I have received your letter informing me of my mother-in-law’s wishes. Oops, I mean my wife’s wishes. I do not know what kind of investigation you have conducted and information you received or from who, but it is all likely a bunch of lies generated from my mother-in-law, AKA The pregnant dog. It would not be inconvenient to go court for me. I only live a few miles from the courthouse and will likely be unemployed from all the stress this is causing me. Also, I am not concerned about the expense of the case. My wife is paying for my lawyer with the credit card she forgot to remove me from as an authorized user. Could you thank her for that since she does not want to talk to me? While we are on the subject of that credit card, thank her for the new Glock 23 .40 handgun with the tricked out laser sights she bought me for my birthday. It was Sunday in case you were wondering. I would not be embarrassed one bit to tell all of our business in court. Matter of fact, I think it would be really entertaining. To prove how open I am, I want to share a secret with you. When I got your letter I checked out your firms website. You are smoking hot! I could not help myself. I watched your video and masturbated. It was awesome! Maybe when all this is over we can get together for the real thing. I was really getting tired of stroking it to the nude photos my wife and I took when we were first married.

Well let us get to the list of items my wife wants from the house.

Her Cat. She can have him. He is really starting to smell. I think he is sick though. He has not moved in a couple of days. My wife has not been here to feed him. I think he might be hungry. My cat has been trying to play with him but he does not respond. Stupid cat.

Kitchen. There really is not much left. You see I do not do dishes, that was my wife’s duty. I have been just throwing the plates and glasses and such away.

Master Bathroom. She can have the items under her vanity except the lotion. I need this for masturbating while thinking about you. Does she really want the toothbrush holder? I bet The pregnant dog put her up to that one. The green towels The pregnant dog gave her are not totally green anymore. You see, I don’t know how to wash clothes and put bleach in the washer while trying to get the ejaculate off of them when I was done masturbating while thinking about you.
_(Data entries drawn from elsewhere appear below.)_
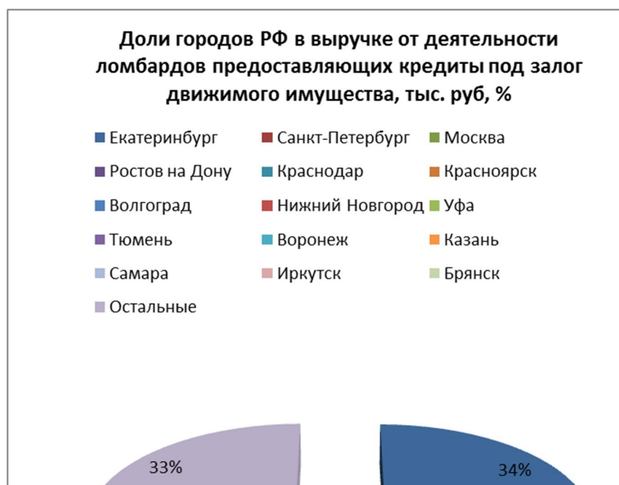
Диаграмма 3. Доли городов РФ в выручке от деятельности ломбардов предоставляющих кредиты под залог движимого имущества, млрд. руб.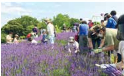
地域で取り組む緑化活動

GREEN×EXPO 2027の開催も見据え、多くの人が訪れる市街地や、生活に身近な住宅地などでの緑や花の創出、育成を進めます。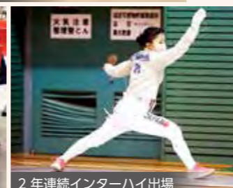
2年連続インターハイ出場

2011年に開校した、校舎も新しい清潔感あふれる学校です。ソウル市の高校と姉妹校締結を結び、ソウルへの修学旅行を実施しています。進路実現に照準を合わせた100科目以上の選択科目を用意し、「Design Your Dream」をコンセプトに、すべての生徒の将来の可能性を応援します。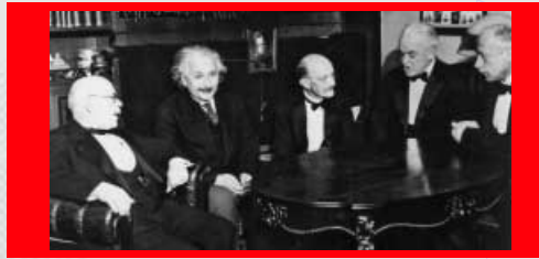
Albert Einstein im Kreise weiterer Nobelpreisträger: Walther Nernst, Max Planck, Robert Andrews Millikan bei Max von Laue.

1921 Physik-Nobelpreis für die Arbeiten zum Photoelektrischen Effekt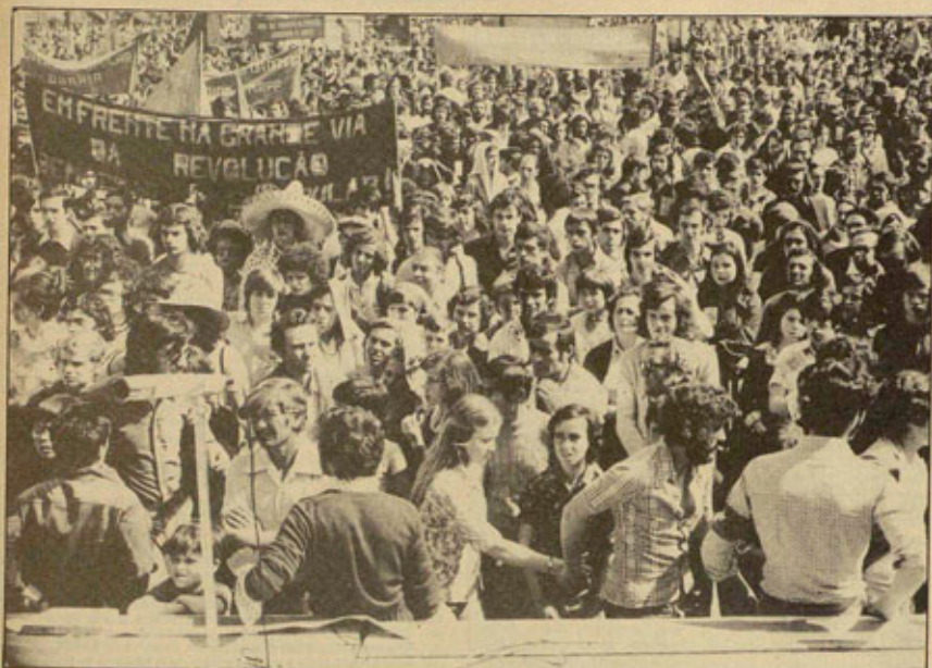
26 DE ABRIL DE 1974: REVOLUCION EN PORTUGAL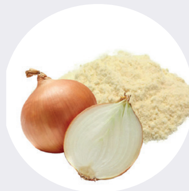
Cebolla en Polvo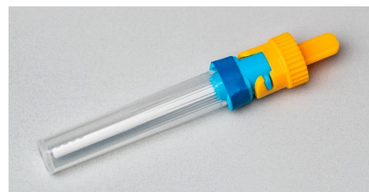
Abbildung 3: Verschlossenes Stuhlentnahmeröhrchen

Überschüssiger Stuhl wird an der Öffnung der blauen Hülse abgestreift, sodass nur eine definierte Menge ins Röhrchen gelangt. Ziehen Sie aus diesem Grund den Dosierstab nicht wieder heraus. Nutzen Sie das Röhrchen nur für eine Probenentnahme.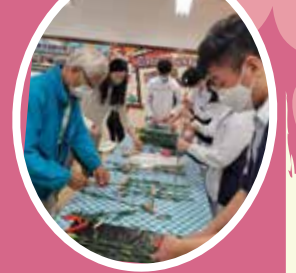
家長及師生正努力進行包裝工序。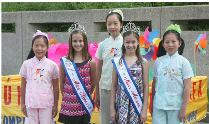
两位密苏里小姐与大法小弟子在花车前留影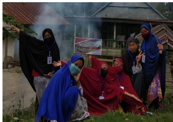
Gambar 7. Membersihkan Desa

Pada tanggal 24 september 2020 mahasiswa melanjutkan program kerja yaitu membuat kursi taman di tempat wisata sungai langonde Desa Lapao-pao. Kegiatan ini merupakan finalisasi kursi-kursi taman yang belum di cat pada tanggal 22 September 2020. Selanjutnya, pada tanggal 30 september mahasiswa melakukan gotong royong bersih bersih desa yaitu membersihkan pinggir jalan dan perkarangan halaman rumah-rumah Desa Lapao-pao. Kegiatan ini dibantu oleh warga sekitar dengan tujuan menjalin kebersamaan mahasiswa KKN dengan warga Desa Lapao-pao.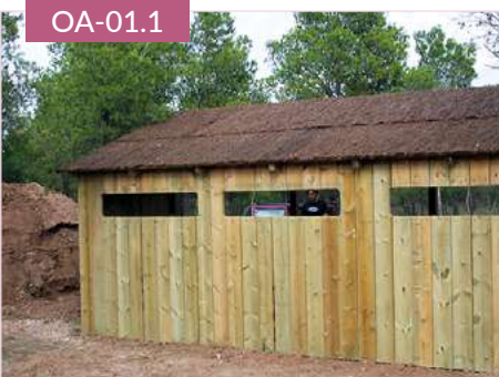
Observatorio de tabla refugio -un agua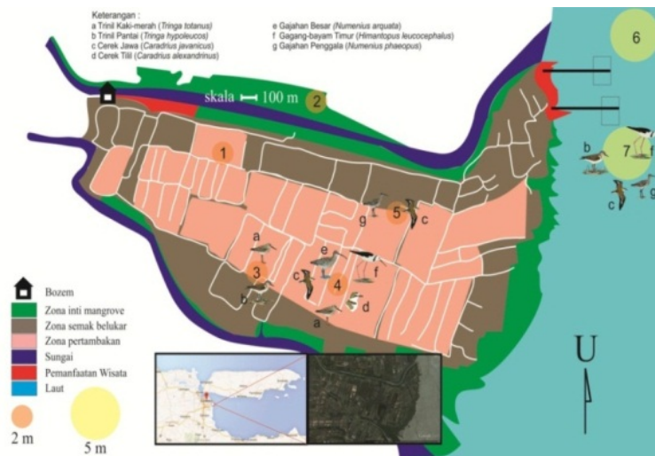
Gambar 2. Peta Wilayah Persebaran Burung Pantai di Wonorejo.

Berdasarkan gambar 2 dari 7 spot pengamatan, burung pantai hanya ditemukan pada spot 3, 4, 5, dan 7. Spot 1 tidak ditemukan adanya aktivitas yang dilakukan oleh burung pantai. Spot 1 merupakan area pertambakan yang sudah tidak aktif, digunakan sebagai lahan untuk pembiakan tanaman mangrove oleh petani mangrove disekitar wilayah Wonorejo. Selain itu, spot 1 berada di dekat pintu masuk bozem Wonorejo dimana terdapat banyak aktivitas antropogenik. Hal ini menilik pada pernyataan [16] yang menyatakan bahwa burung pantai sangat sensitif dengan keberadaan manusia.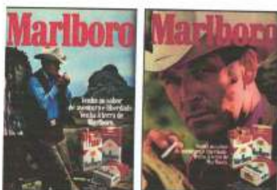
Figura 5: Campanhas publicitárias Marlboro, 1975 e 1976.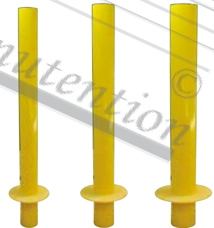
Q-10 2125 Q-10 2126 Q-10 2127

À colerette Fixation au sol par carottage ou manchon acier scellé.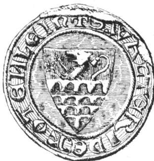
17 1. Siegel von Nr. 14 Walther III. 1297

Half Bath. She wants everything? Well that does make since I guess. Her cat likes to shit in the sink in there. Tell you what, she can have the cat shit sink and I’ll keep the toilet. Are you thinking about having sex with me?

Living Room. She can have that bullshit she is requesting. I changed the wedding pictures for the nude photos mentioned earlier.

Dining Room. She can have everything provided she buys me a new table. I don’t eat on the floor. I do make the beast with two backs on the floor, you in?

Master Bedroom. She gets to keep everything in the dining room, I keep the master bedroom items. That’s where the magic happens! What jewelry are you referring to? It must have been stolen the night she left. She didn’t lock the door or turn the alarm on. I do have a cockring. Want to see it?

Office. She wants the $5 world globe. WTF? I was going to sell it to get a footlong sub from Subway. What’s your favorite kind?

Attic. She can have the Christmas tree and decorations. I am an Atheist. I don’t like that ghost story bullshit anyway.

Hopefully this will help in your efforts to screw me over. Let me know if you want to make the beast with two backs. Thanks.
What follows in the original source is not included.